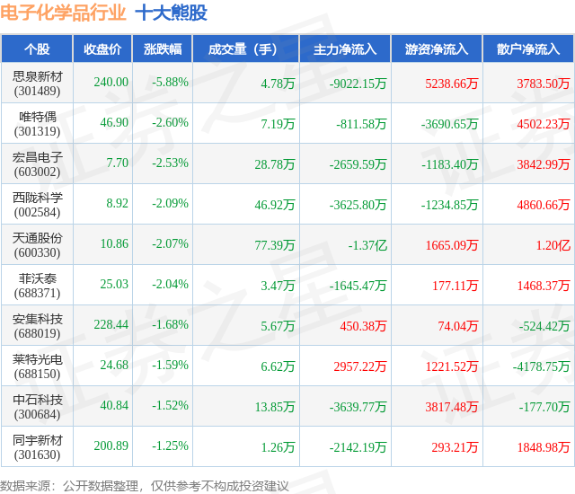 个股表现方面,电子化学品行业当日领跌股为思泉新材(301489),该股当日报收240.0,下跌5.88%,成交量4.78万,主力资金净流出9022.15万元。唯特偶(301319)以下跌2.6%紧随其后,该股当日成交量7.19万,主力资金净流出811.58万元。除此之外,宏昌电子(603002)、西陇科学(002584)、天通股份(600330)均进入当日熊股之列。具体个股列表见下表:
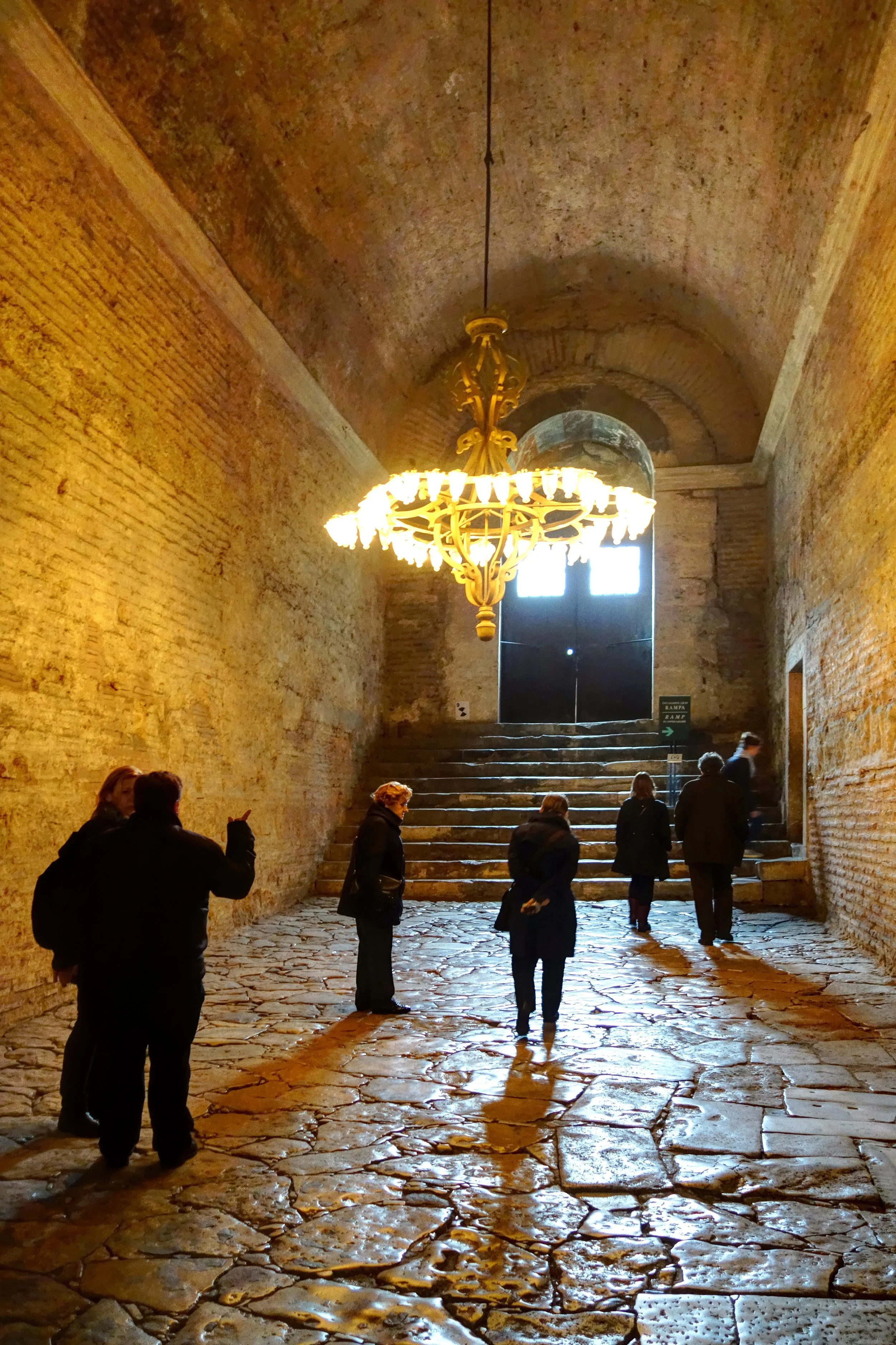 From the second gallery level of the Hagia Sofia, this is a view back towards the central dome and the center of the church... or mosque... or museum. Having survived 1,500 years of emperors, sultans, crusaders, sieges, wars and earthquakes, the columns and walls and stairs and dome still stand in (just about) the same place that all of those countless slaves originally put them in.
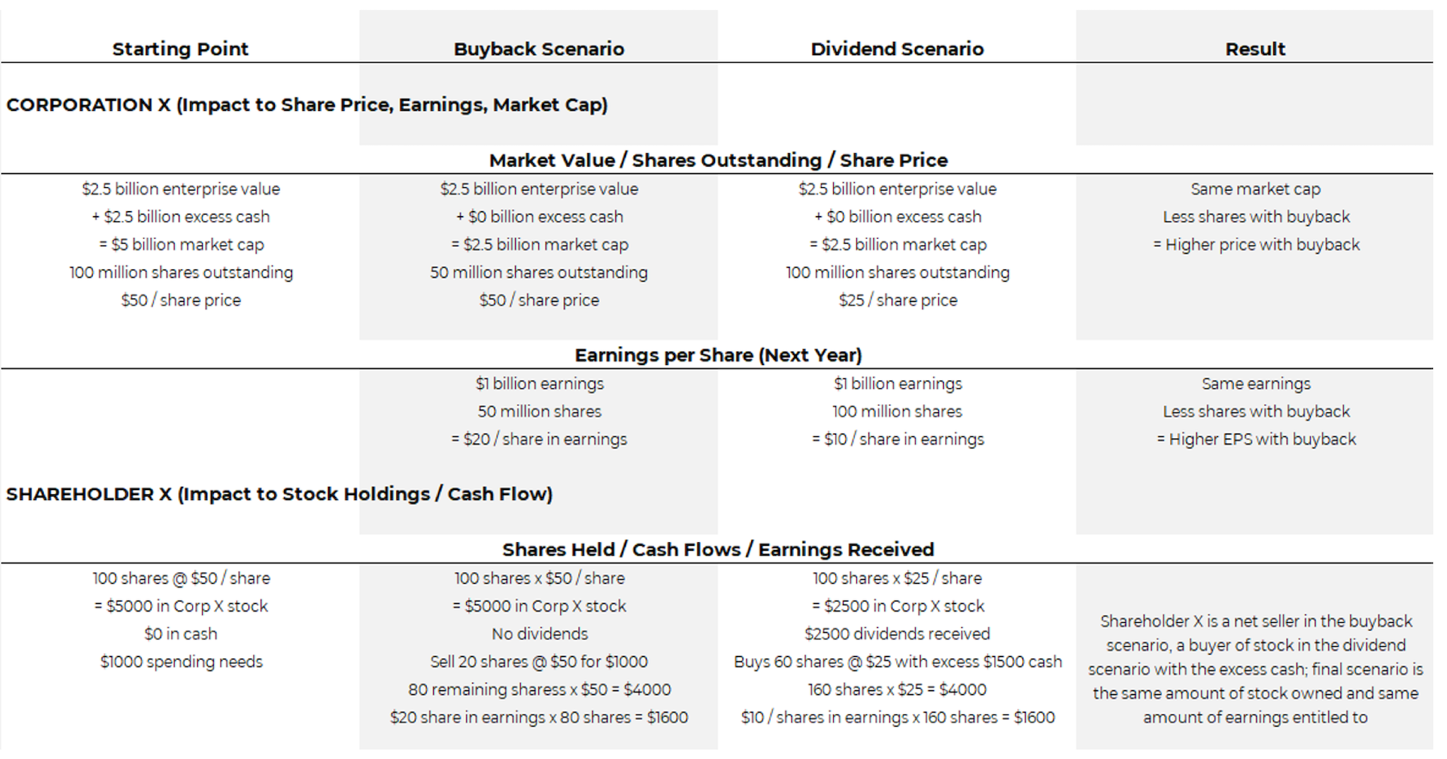 Let’s illustrate this with a hypothetical example of Corporation X, which can either return excess capital via buybacks or dividends:

_Problem details_. Please output each line above exactly and omit all images.

_Task solution_.
 个股表现方面,电子化学品行业当日领跌股为思泉新材(301489),该股当日报收240.0,下跌5.88%,成交量4.78万,主力资金净流出9022.15万元。唯特偶(301319)以下跌2.6%紧随其后,该股当日成交量7.19万,主力资金净流出811.58万元。除此之外,宏昌电子(603002)、西陇科学(002584)、天通股份(600330)均进入当日熊股之列。具体个股列表见下表:
 From the second gallery level of the Hagia Sofia, this is a view back towards the central dome and the center of the church... or mosque... or museum. Having survived 1,500 years of emperors, sultans, crusaders, sieges, wars and earthquakes, the columns and walls and stairs and dome still stand in (just about) the same place that all of those countless slaves originally put them in.
 Let’s illustrate this with a hypothetical example of Corporation X, which can either return excess capital via buybacks or dividends:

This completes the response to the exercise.